EHRM 8 juni 1995, nr. 15917/89, Jamil/Frankrijk; EHRM 12 februari 2008, nr. 21906/04, Kafkaris/Cyprus, EHRM 17 december 2009, nr. 16428/05, Gardel/Frankrijk; EHRM 7 januari 2016, nr. 23279/04, Bergmann /Duitsland.
EHRM 8 juni 1976, nrs. 5100/71, 5101/71, 5102/71, 5354/72 en 5370/72, Engel e.a./Nederland) (EHRM 24 november 1998, nr. 38644/97, Brown/het Verenigd Koninkrijk; EHRM 17 mei 2016, nr. 76959/ 11, Société de Oxygène Plus/Frankrijk; EHRM 4 oktober 2016, nr. 37462/09, Zaja/Kroatië).
EHRM 21 maart 2006, nr. 70074/01, Valico S.r.1./Italië.
EHRM 21 februari 1984, nr. 8544/79, Öztürk/Duitsland; EHRM 24 februari 1994, Serie A nr. 284, Bendenoun/Frankrijk; EHRM 10 juni 1996, nr. 19380/92, Benham/Verenigd Koninkrijk).
EHRM 23 november 2006, nr. 73053/01, Jussila/Finland.
EHRM 9 juni 2016, nr. 76959/11, Société Oxygène Plus/Frankrijk; EHRM 15 februari 2018, nr. 52961/09, Homan e.a./België.

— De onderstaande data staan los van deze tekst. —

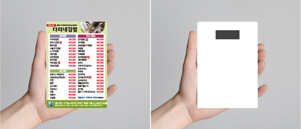 70×90mm(배달음식 메뉴 전단, 종이자석 전단지)
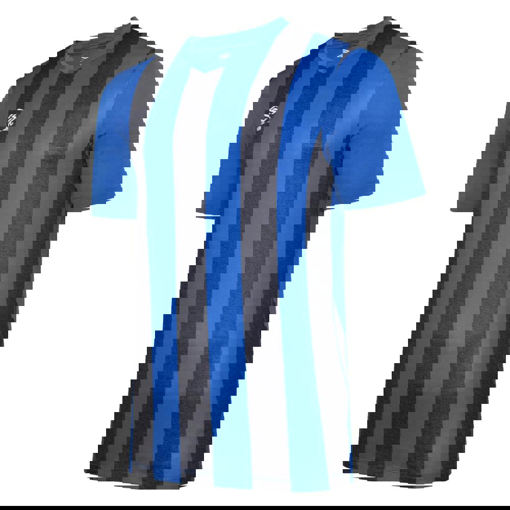 This kids’ Ramone jersey from Umbro comes in royal blue and black, with a marl and stripe design and logo detailing. Lightweight fabric keeps the finish streamlined, while curved panels add shape to the overall look. A self-fabric V neck and short sleeves complete the classic jersey silhouette.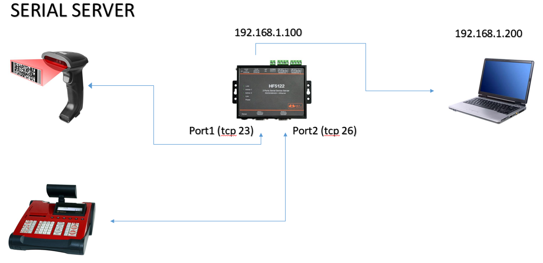 We use HF5122 to connect rs232 (barcode scanner, cash register, etc..) devices with a pc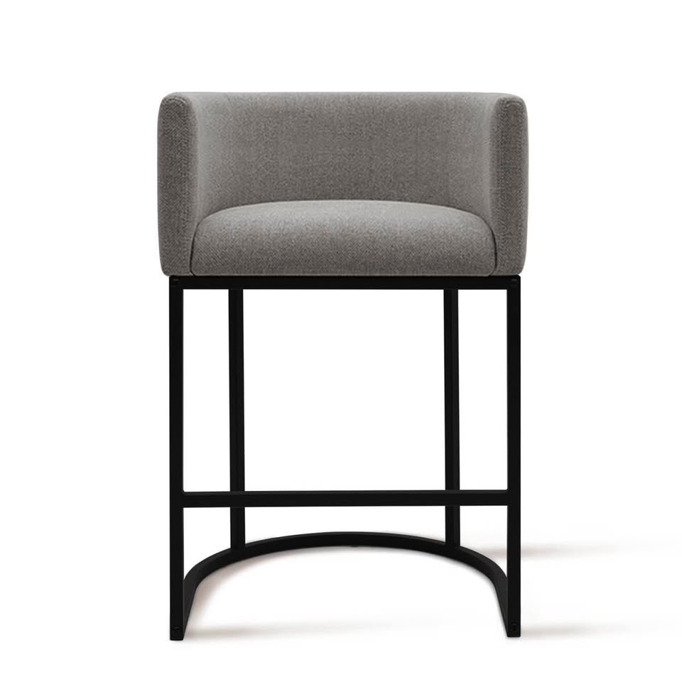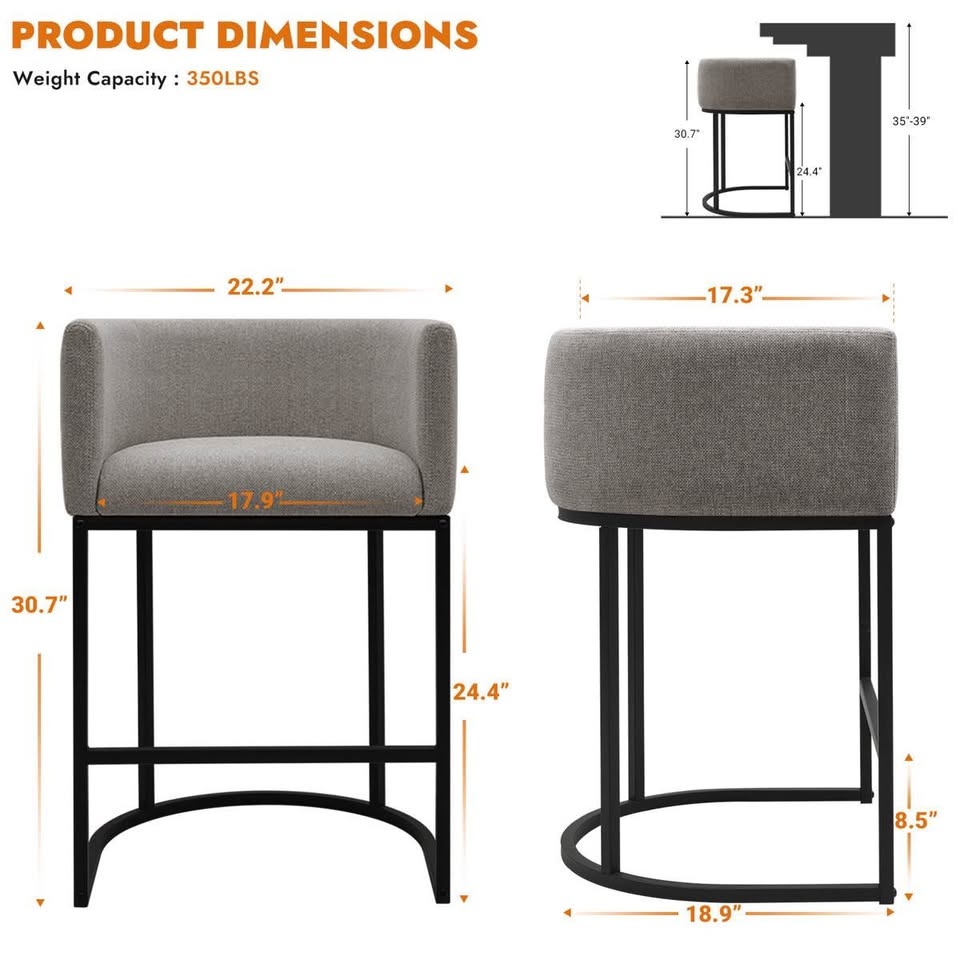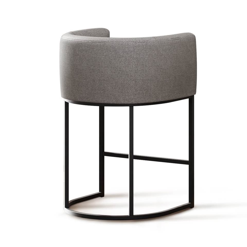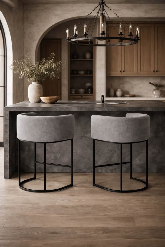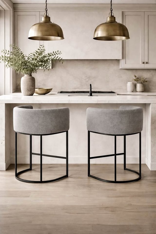 Upgrade your kitchen island with these modern curved-back counter stools featuring a soft greige fabric seat and sleek black metal base. Clean lines, comfortable wraparound design, and sturdy construction make these a perfect fit for condos and modern homes.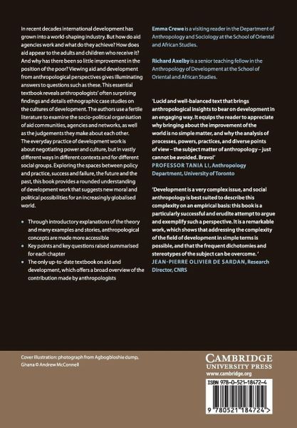 In recent decades international development has grown into a world-shaping industry. But how do aid agencies work and what do they achieve? How does aid appear to the adults and children who receive it? And why has there been so little improvement in the position of the poor? Viewing aid and development from anthropological perspectives gives illuminating answers to questions such as these. This essential textbook reveals anthropologists' often surprising findings and details ethnographic case studies on the cultures of development. The authors use a fertile literature to examine the socio-political organisation of aid communities, agencies and networks, as well as the judgements they make about each other. The everyday practice of development work is about negotiating power and culture, but in vastly different ways in different contexts and for different social groups. Exploring the spaces between policy and practice, success and failure, the future and the past, this book provides a rounded understanding of development work that suggests new moral and political possibilities for an increasingly globalised world.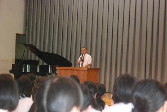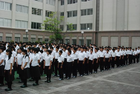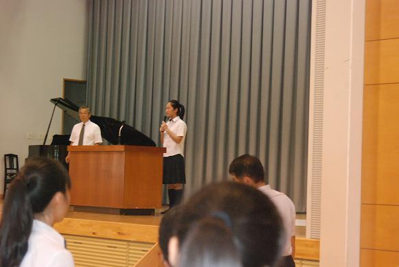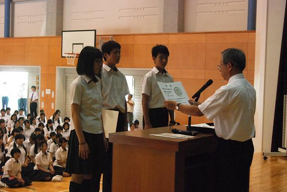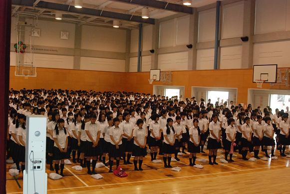 始業式では、今日から4年生の一員として学ぶ中国からの留学生、張 婷婷さんの紹介があり、婷婷さんからも流暢な日本語で挨拶がありました。式後には夏休み中に体育・文化の分野で受賞した生徒の伝達表彰がありました。

EHRM 9 oktober 2003, nrs. 39665/98 en 40086/98, Ezeh & Connors/het Verenigd Koninkrijk; EHRM 23 juli 2002, nr. 36985/97, Västberga Taxi Aktiebolag/Zweden.
EHRM 23 november 2006, nr. 73053/01, Jussila/Finland.
EHRM 23 juli 2002, nr. 36985/97, Västberga Taxi Aktiebolag/Zweden; EHRM 23 juli 2002, nr. 34619/97, Janosevic/Zweden.
EHRM 23 juli 2002, nr. 36985/97, Västberga Taxi Aktiebolag/Zweden; EHRM 21 maart 2006, nr. 70074/01, Valico S.r.1./Italië.
EHRM 22 mei 1990, nr. 11034/84, Weber/Zwitserland.